1. A table of acceptance criteria and the reported device performance:

This information is not provided in the document. The document states "Performance testing has been completed to demonstrate that the proposed LIFEPAK Invasive Pressure Adapter Cable meets the safety and performance requirements established in the design specifications." However, the specific acceptance criteria and the numerical results of these tests are not detailed.

2. Sample sized used for the test set and the data provenance (e.g. country of origin of the data, retrospective or prospective):

This information is not provided in the document. The document only mentions "Biocompatibility Evaluation" and "Design Verification Testing" were completed.

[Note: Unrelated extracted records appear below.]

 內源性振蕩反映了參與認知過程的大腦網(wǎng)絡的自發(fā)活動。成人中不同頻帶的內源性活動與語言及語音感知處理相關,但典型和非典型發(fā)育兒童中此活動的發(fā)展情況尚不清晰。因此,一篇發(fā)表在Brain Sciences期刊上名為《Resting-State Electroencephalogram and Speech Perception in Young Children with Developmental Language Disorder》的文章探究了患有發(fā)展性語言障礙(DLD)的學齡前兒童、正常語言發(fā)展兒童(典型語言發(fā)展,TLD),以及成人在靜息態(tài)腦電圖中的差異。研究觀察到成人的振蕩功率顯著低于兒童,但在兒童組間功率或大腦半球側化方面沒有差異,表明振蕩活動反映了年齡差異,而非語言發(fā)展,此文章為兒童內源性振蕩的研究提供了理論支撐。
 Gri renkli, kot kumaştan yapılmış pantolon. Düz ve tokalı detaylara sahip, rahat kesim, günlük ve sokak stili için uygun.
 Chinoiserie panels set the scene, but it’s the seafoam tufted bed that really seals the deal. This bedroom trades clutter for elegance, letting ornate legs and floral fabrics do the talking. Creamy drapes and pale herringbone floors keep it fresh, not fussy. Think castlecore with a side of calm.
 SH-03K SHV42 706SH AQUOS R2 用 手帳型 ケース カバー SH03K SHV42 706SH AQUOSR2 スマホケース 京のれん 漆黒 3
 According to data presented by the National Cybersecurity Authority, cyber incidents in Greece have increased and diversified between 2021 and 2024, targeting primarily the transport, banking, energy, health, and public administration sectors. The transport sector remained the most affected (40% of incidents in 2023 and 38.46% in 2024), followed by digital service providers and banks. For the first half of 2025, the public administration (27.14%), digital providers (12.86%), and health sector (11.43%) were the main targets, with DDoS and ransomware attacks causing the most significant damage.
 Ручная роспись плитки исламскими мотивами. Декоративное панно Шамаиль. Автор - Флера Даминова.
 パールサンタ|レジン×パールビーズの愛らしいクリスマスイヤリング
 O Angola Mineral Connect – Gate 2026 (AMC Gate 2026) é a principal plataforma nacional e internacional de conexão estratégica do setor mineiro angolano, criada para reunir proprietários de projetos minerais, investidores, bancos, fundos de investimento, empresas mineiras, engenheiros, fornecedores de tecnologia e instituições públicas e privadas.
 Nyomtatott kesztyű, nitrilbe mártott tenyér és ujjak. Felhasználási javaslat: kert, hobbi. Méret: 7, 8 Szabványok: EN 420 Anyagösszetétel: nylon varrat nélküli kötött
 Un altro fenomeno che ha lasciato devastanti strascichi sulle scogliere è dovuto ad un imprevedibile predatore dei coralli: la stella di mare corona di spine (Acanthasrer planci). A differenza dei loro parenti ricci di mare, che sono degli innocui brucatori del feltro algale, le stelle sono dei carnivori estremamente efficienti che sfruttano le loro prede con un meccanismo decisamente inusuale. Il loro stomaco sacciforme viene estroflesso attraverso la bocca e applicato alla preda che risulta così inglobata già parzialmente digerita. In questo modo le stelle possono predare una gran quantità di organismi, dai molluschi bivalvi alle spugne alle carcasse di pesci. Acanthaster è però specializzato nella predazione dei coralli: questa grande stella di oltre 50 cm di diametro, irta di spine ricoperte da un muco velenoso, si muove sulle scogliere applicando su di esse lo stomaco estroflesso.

3. Number of experts used to establish the ground truth for the test set and the qualifications of those experts (e.g. radiologist with 10 years of experience):

Not applicable. The document does not describe a study involving expert-established ground truth.

4. Adjudication method (e.g. 2+1, 3+1, none) for the test set:

Not applicable. The document does not describe a study with adjudication.

5. If a multi reader multi case (MRMC) comparative effectiveness study was done, If so, what was the effect size of how much human readers improve with AI vs without AI assistance:

Not applicable. The device is an adapter cable, not an AI-powered diagnostic tool, and no MRMC study is mentioned.

6. If a standalone (i.e. algorithm only without human-in-the-loop performance) was done:

Not applicable. The device is a physical cable, not an algorithm.

7. The type of ground truth used (expert concensus, pathology, outcomes data, etc):

Not applicable. The document does not describe a study that uses ground truth in this context. The "performance data" refers to engineering and biocompatibility testing.

8. The sample size for the training set:

Not applicable. The device is a physical cable, not a machine learning algorithm that requires a training set.

9. How the ground truth for the training set was established:

Not applicable. The device is a physical cable, not a machine learning algorithm.